Start of Records supplied

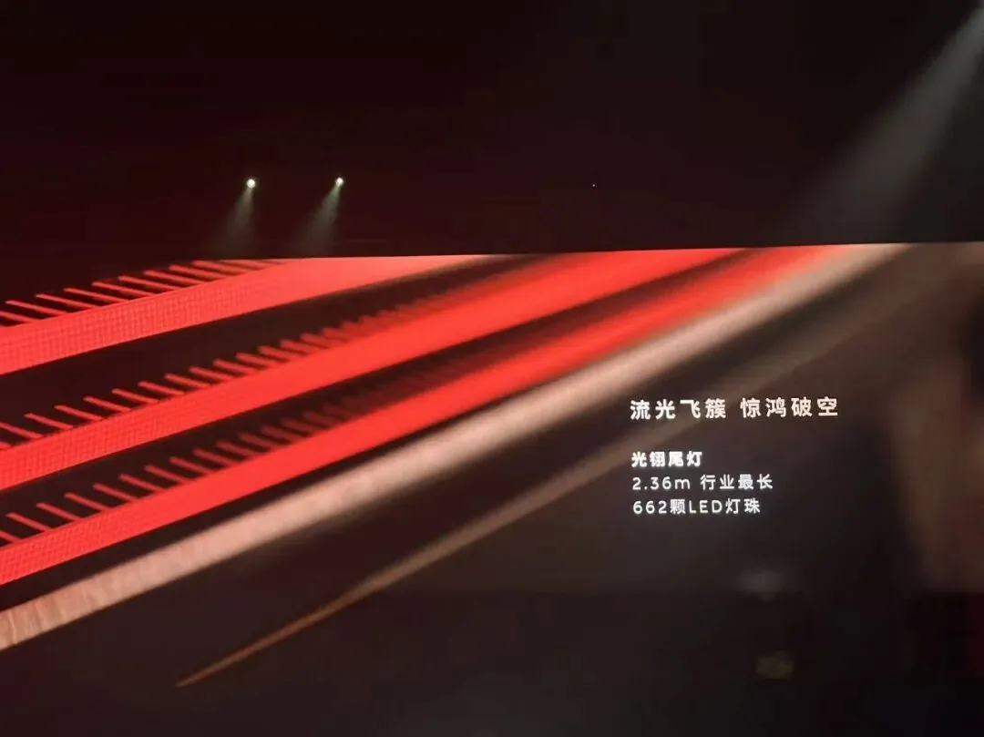 车尾采用SuperRed超红LED粒子组成的贯穿式灯带,灯带拥有2.36m的长度内置662颗LED灯珠。并使用缎光高亮饰条和拉丝金属点缀,尾部还具有隐藏式后雨刷、后排隐私玻璃等配置。空间方面,行李厢常规容积600L(包含123L隐藏空间),三排座椅放倒后可扩展至1586L。
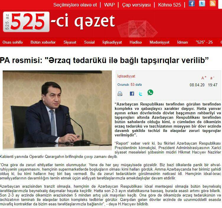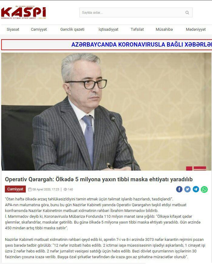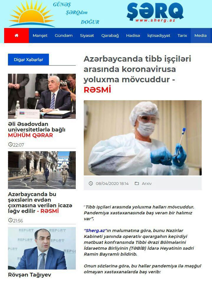 - وزیر بهداشت ارمنستان: پزشکان و پرستاران کشور یک ماه است که جانفشانی می‌کنند. ما باید در برابر آنان مسئول باشیم.
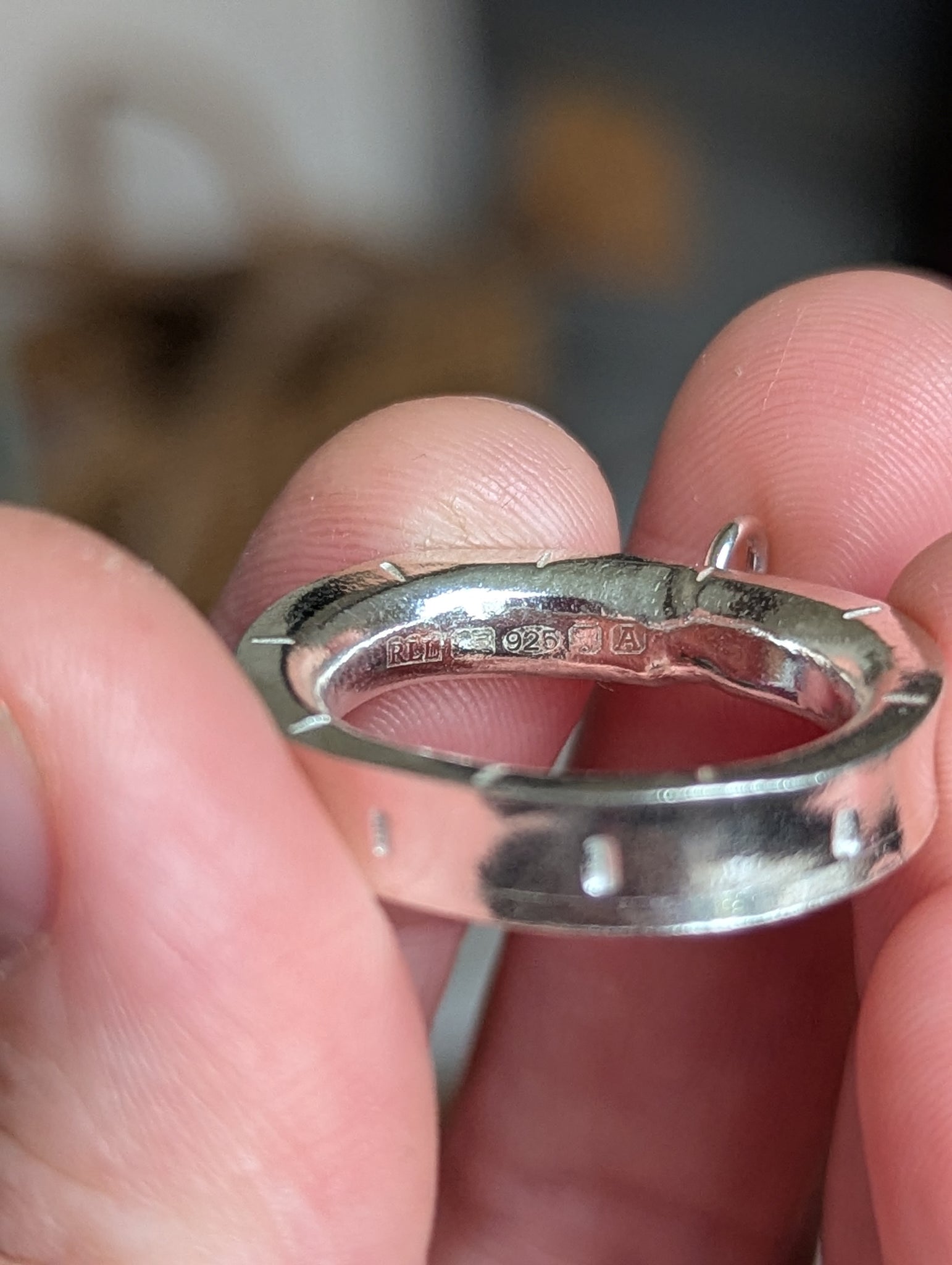 The pendant sits on an 24" Spiga chain, and has been hallmarked at The London Assay Office as 925 Sterling Silver.
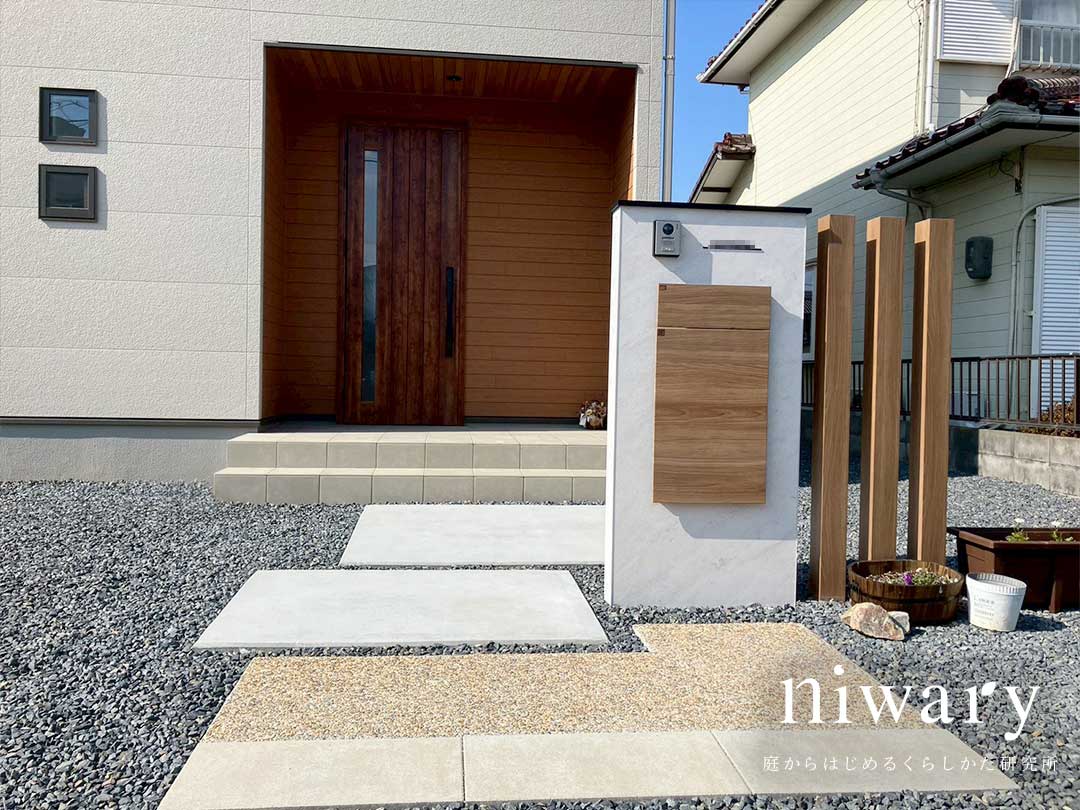 木調カラーを取り入れることで、直線的な外構の中にもやさしい温かみを加え、ナチュラルな雰囲気を演出しています。
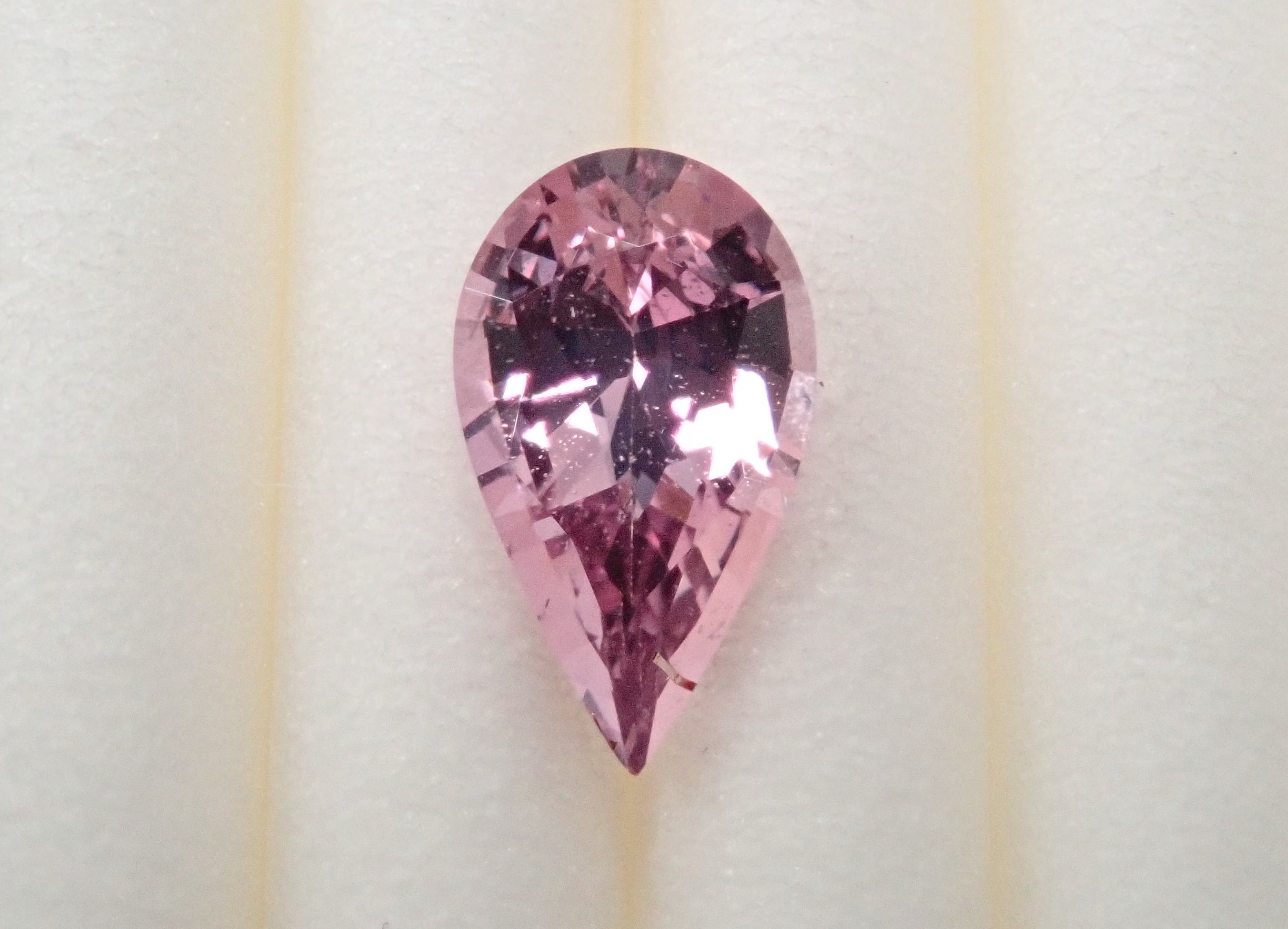 這是一顆來自馬達加斯加的 0.486 克拉梨形切割粉紅色藍寶石,透明度高。
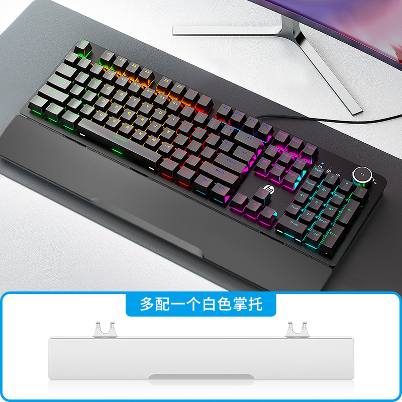 • 브라운 샤프트-[싱글 키보드] 손잡이 블랙 혼합 조명 + 흑백 손목 받침대-표준 없음
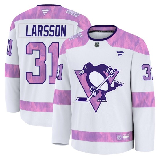 Show them you are the #1 Pittsburgh Penguins fan when you wear this Men's Pittsburgh Penguins Filip Larsson Fanatics Premium 2024 Hockey Fights Cancer Practice Jersey - White! Featuring Pittsburgh Penguins graphics, this jersey will keep you comfortable and full of team spirit. It is a must-have for fans of any age!
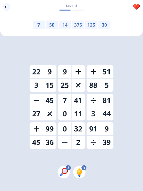 Upon entering a level, you are given a clue that hints at the mathematical equation you need to form. Once you decipher the clue, you start spinning the squares to align the numbers correctly and create the equation.
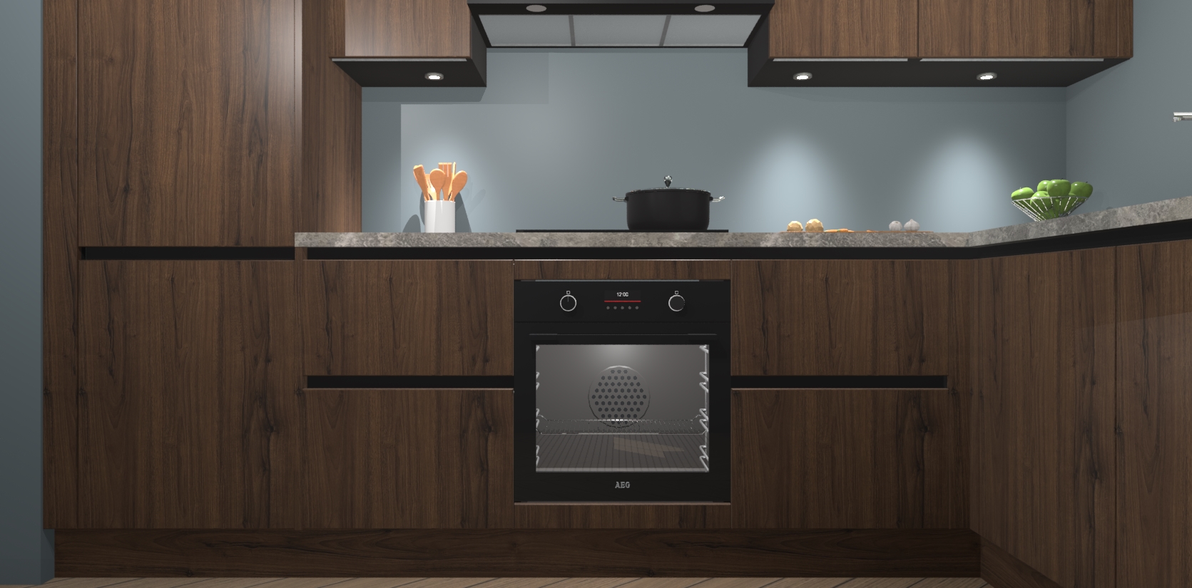 De Noten greeploze keuken Geneve is uitgerust met 5 inbouwapparaten - een oven, inductiekookplaat, afzuigkap, vaatwasser en koelkast - voor al uw kook- en bewaarbehoeftes. U kunt deze apparaten desgewenst eenvoudig upgraden naar AEG of de oven omruilen voor een combimagnetron na het plaatsen van uw bestelling. En met de soft close deuren, voldoende opbergruimte en kasten die voorgemonteerd worden geleverd, bent u in een mum van tijd klaar om heerlijke maaltijden te bereiden!

End of Records supplied

Output the span from the line with "Show them you" through the last line of the data, inclusive and exact, and omit every picture.

 Show them you are the #1 Pittsburgh Penguins fan when you wear this Men's Pittsburgh Penguins Filip Larsson Fanatics Premium 2024 Hockey Fights Cancer Practice Jersey - White! Featuring Pittsburgh Penguins graphics, this jersey will keep you comfortable and full of team spirit. It is a must-have for fans of any age!
 Upon entering a level, you are given a clue that hints at the mathematical equation you need to form. Once you decipher the clue, you start spinning the squares to align the numbers correctly and create the equation.
 De Noten greeploze keuken Geneve is uitgerust met 5 inbouwapparaten - een oven, inductiekookplaat, afzuigkap, vaatwasser en koelkast - voor al uw kook- en bewaarbehoeftes. U kunt deze apparaten desgewenst eenvoudig upgraden naar AEG of de oven omruilen voor een combimagnetron na het plaatsen van uw bestelling. En met de soft close deuren, voldoende opbergruimte en kasten die voorgemonteerd worden geleverd, bent u in een mum van tijd klaar om heerlijke maaltijden te bereiden!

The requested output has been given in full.